In the book I read, it gives me an example about the relation between spatial wave function and the counterpart in momentum space for free particle. Just like what you presented, they are related by Fourier transformation. But is this always true for any particle in any environment? Because it use free particle as example, I wonder if it is still true to derive a momentum wave function by Fourier transformation on the given spatial wave function even it is in a potential well?

Yes. Their relation as Fourier transformations of each other just follows from the expression $\lvert p \rangle = \int \mathrm{d} x \, e^{ipx} \lvert x \rangle$. This is just a statement that a momentum state corresponds to a de Broglie wave in position space. It's practically a postulate of quantum mechanics. The operator commutation relation $[X, P] = i \hbar$ amounts to saying the same thing.

One more question on your statement " They're just different ways of writing the same state. You can expand any state vector $\lvert \psi \rangle$ in the position basis in terms of its wavefunction ...". The state vectors in Hilbert space is still confusing me. I saw the statement often in the text that we write the position state vector in the spin-1/2 space and something like that. In my mind, I always use the Cartesian coordinates as example to understand this. In 3D Cartesian, we could use any 3 vectors such that any other vectors could be written in terms of those 3 vectors. So it is not hard to understand your statement, we could expand a state vector in some basis ... For momentum and position, they are physically associated by Fourier transformation, that's easy to understand. But for spin and position, what's the physics to connect them so I can write one in the other basis? Also, I have a doubt that for spin1/2 along z direction, it only has two orientation so the state vector has 2 components, but position state should be 3D and has 3 components, how can we write a 3D state vector in terms of 2D one?

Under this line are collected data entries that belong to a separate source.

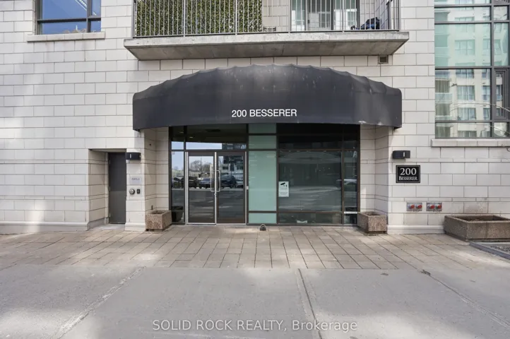 +"PublicRemarks": "Welcome to 200 Besserer St, Unit 910 - a beautifully renovated 695 sq. ft. 1-bedroom + den suite in the heart of downtown Ottawa, offering modern comfort and effortless urban living. This thoughtfully updated unit is truly move-in ready. Freshly painted throughout, it features new wide-plank waterproof flooring and a stylish feature accent wall that adds warmth and character. The kitchen has been tastefully refreshed with granite countertops, refaced cabinet doors with modern hardware, and a flexible island, creating a clean, sleek, and functional space for everyday living and entertaining. The open-concept layout includes a defined dining area and a spacious living room, offering an airy and comfortable feel. Floor-to-ceiling windows bring in abundant natural light, while the private balcony provides a stunning open view, including glimpses of the Gatineau Hills from the bedroom. The generously sized bedroom comfortably accommodates a king-size bed, with plenty of space for additional furniture, and custom built-ins provide excellent storage and organization. The versatile den is perfect for a home office, reading nook, or additional lifestyle space. The unit also includes a locker and underground heated parking, while the building offers a swimming pool, sauna, BBQ area, gym, and friendly staff. Enjoy full access to premium downtown amenities, with restaurants, transit, shopping, and recreation just steps away. A perfect blend of style, function, and location."
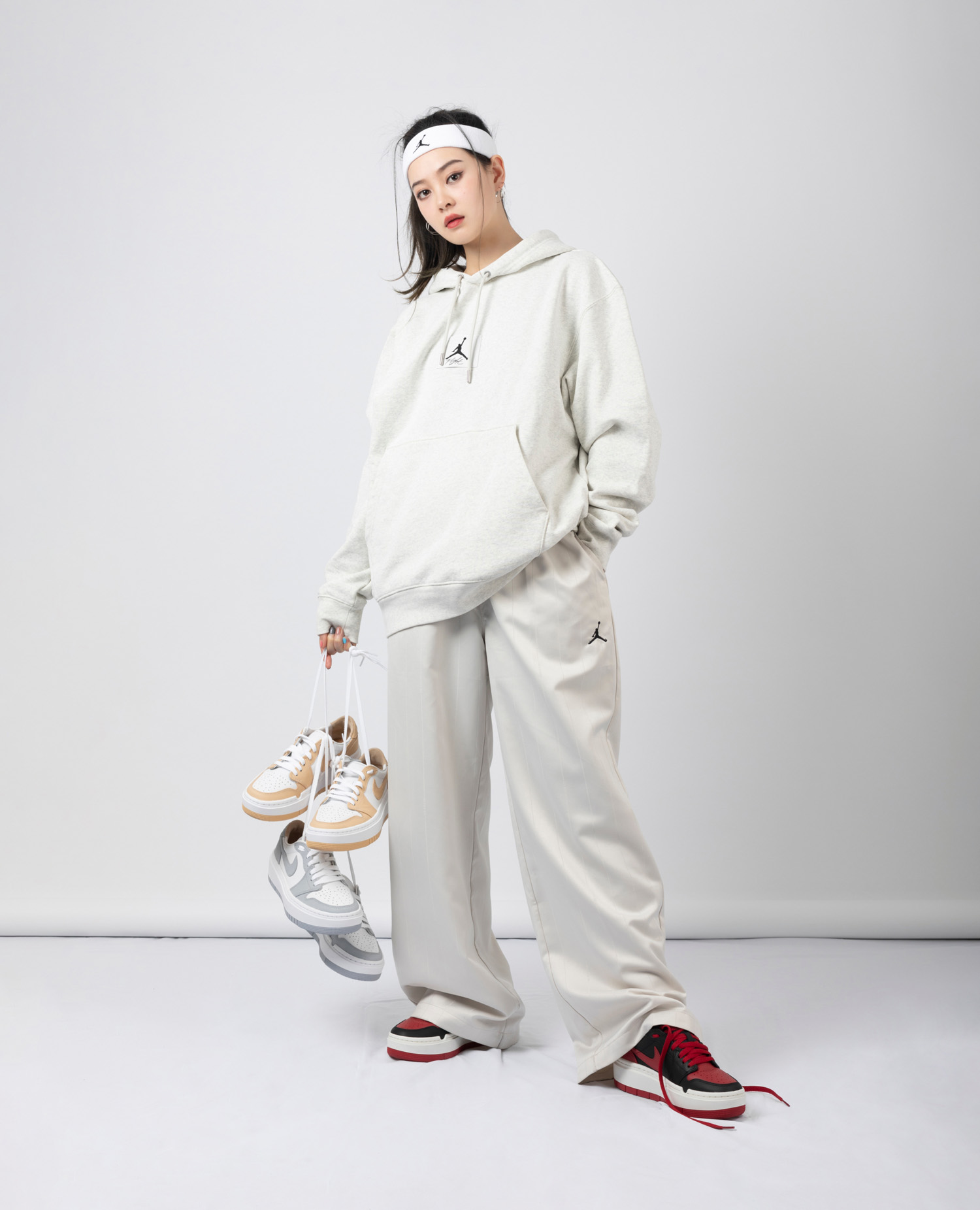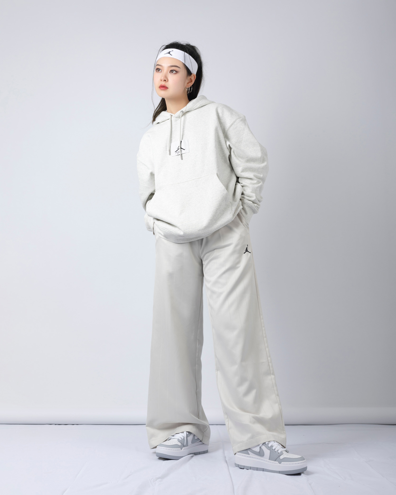 第三套运动时尚混搭风,浅灰色 Jordan 帽衫 + 浅色条纹阔腿长裤,鞋子选择白灰配色更显复古气质。
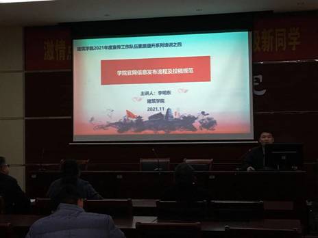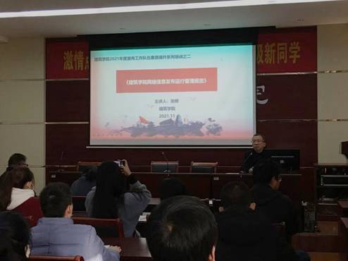 (通讯员 田真)为进一步加强意识形态阵地管理,严防网络信息传播安全事故,促进学院新闻宣传工作良性发展,11月29日至30日,6686体育举办2021年度宣传工作队伍素质提升系列培训。学院党委领导班子、科级干部、学院网站管理员及宣传部全体部员参与培训。

Spin and position/momentum are just different degrees of freedom and aren't directly related to each other in quantum mechanics the way position and momentum are to each other. A spin 1/2 particle simply has a position/momentum state and a spin state, so its full state vector in 3D space might be written as something like $$\lvert \Psi \rangle = \int \mathrm{d}x \int \mathrm{d}y \int \mathrm{d}z \sum_{s \in \{\uparrow,\, \downarrow\}} \Psi(x, y, z, s) \lvert x \rangle \lvert y \rangle \lvert z \rangle \lvert s \rangle \,,$$
with a wavefunction $\Psi(x, y, z, s)$ that depends on the $x$, $y$, and $z$ coordinates and on the spin state $s$ which can be $s = \uparrow$ or $s = \downarrow$.

If you just concentrate on the spin 1/2 states, by the way, different spin projections are also related to each other similar to how position and momentum states are related to each other. For example, if you call the $z$-projection spin states $\lvert \uparrow \rangle$ and $\lvert \downarrow \rangle$ ("spin up" and "spin down"), and you call the $x$-projection spin states $\lvert \rightarrow \rangle$ and $\lvert \leftarrow \rangle$ ("spin right" and "spin left"), then they're related by $$\begin{eqnarray}
\lvert \rightarrow \rangle &=& \frac{1}{\sqrt{2}} \bigl( \lvert \uparrow \rangle + \lvert \downarrow \rangle \bigr) \,, \\
\lvert \leftarrow \rangle &=& \frac{1}{\sqrt{2}} \bigl( \lvert \uparrow \rangle - \lvert \downarrow \rangle \bigr)
\end{eqnarray}$$
(where I'm imagining that "up" is the $+z$ direction and "right" is the $+x$ direction).